» EXERCISE REQUIREMENTS:
Exactly as written, return every line of the data below apart from the pictures.

» RECORDED DATA:
***
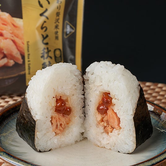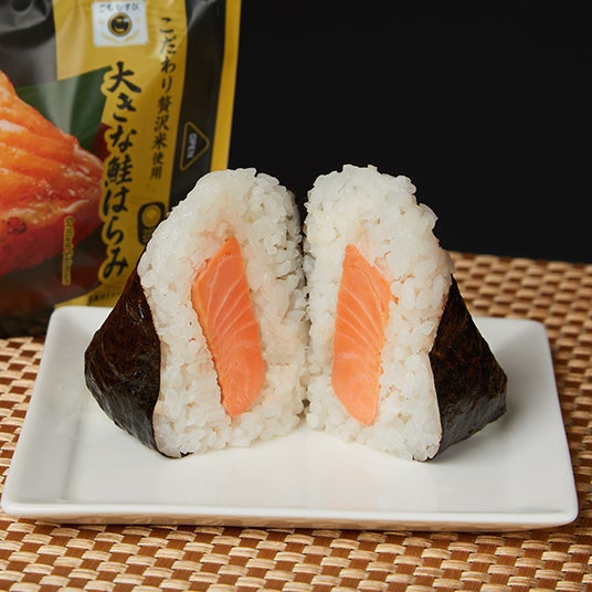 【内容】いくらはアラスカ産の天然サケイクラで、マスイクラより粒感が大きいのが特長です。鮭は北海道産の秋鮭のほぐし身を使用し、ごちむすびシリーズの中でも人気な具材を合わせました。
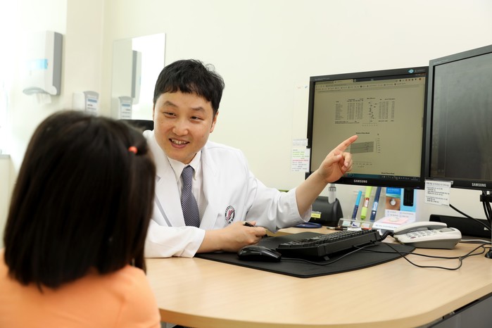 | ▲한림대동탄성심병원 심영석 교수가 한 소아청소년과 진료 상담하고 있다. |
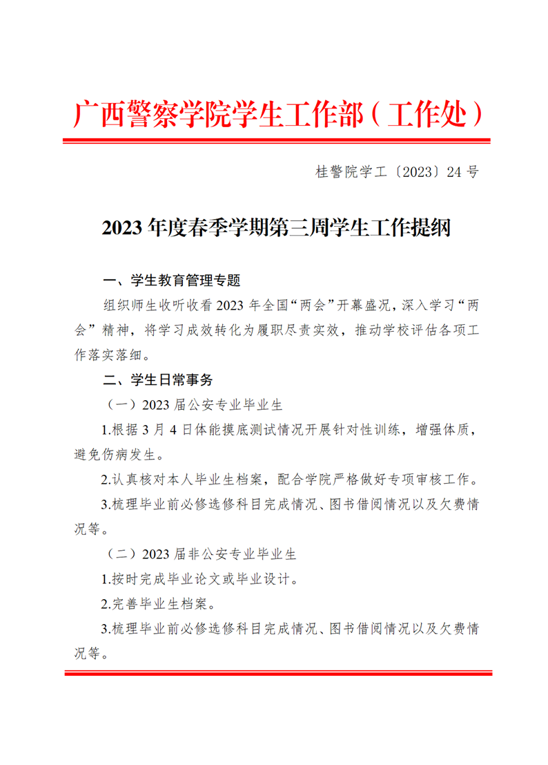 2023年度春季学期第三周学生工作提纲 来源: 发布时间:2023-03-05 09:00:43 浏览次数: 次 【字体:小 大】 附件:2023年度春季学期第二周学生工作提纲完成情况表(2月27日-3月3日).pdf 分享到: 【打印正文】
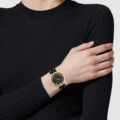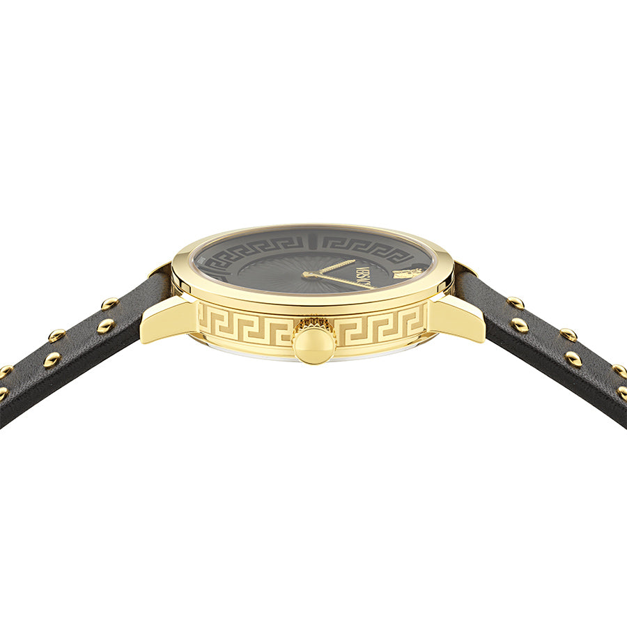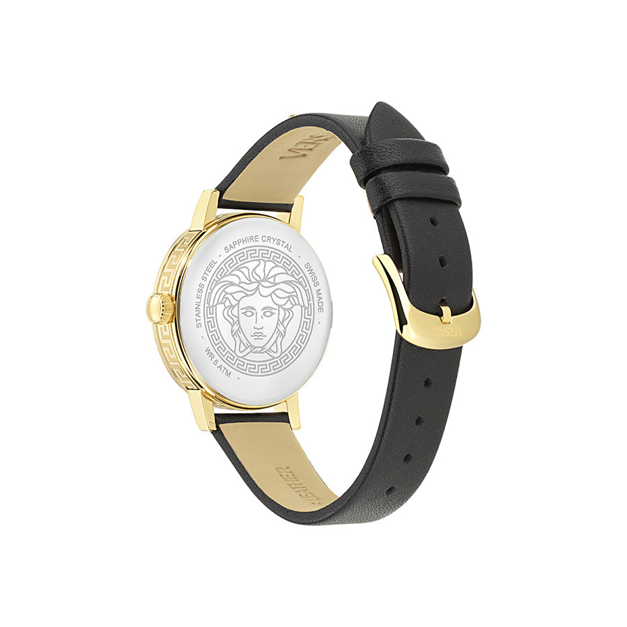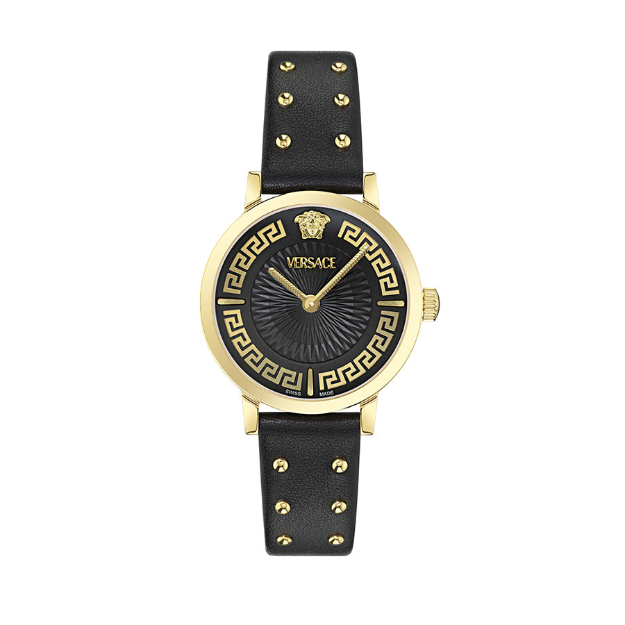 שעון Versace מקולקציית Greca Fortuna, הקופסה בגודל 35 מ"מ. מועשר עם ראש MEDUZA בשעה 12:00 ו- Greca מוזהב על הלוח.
***
» ANSWER SECTION:
 【内容】いくらはアラスカ産の天然サケイクラで、マスイクラより粒感が大きいのが特長です。鮭は北海道産の秋鮭のほぐし身を使用し、ごちむすびシリーズの中でも人気な具材を合わせました。
 | ▲한림대동탄성심병원 심영석 교수가 한 소아청소년과 진료 상담하고 있다. |
 2023年度春季学期第三周学生工作提纲 来源: 发布时间:2023-03-05 09:00:43 浏览次数: 次 【字体:小 大】 附件:2023年度春季学期第二周学生工作提纲完成情况表(2月27日-3月3日).pdf 分享到: 【打印正文】
 שעון Versace מקולקציית Greca Fortuna, הקופסה בגודל 35 מ"מ. מועשר עם ראש MEDUZA בשעה 12:00 ו- Greca מוזהב על הלוח.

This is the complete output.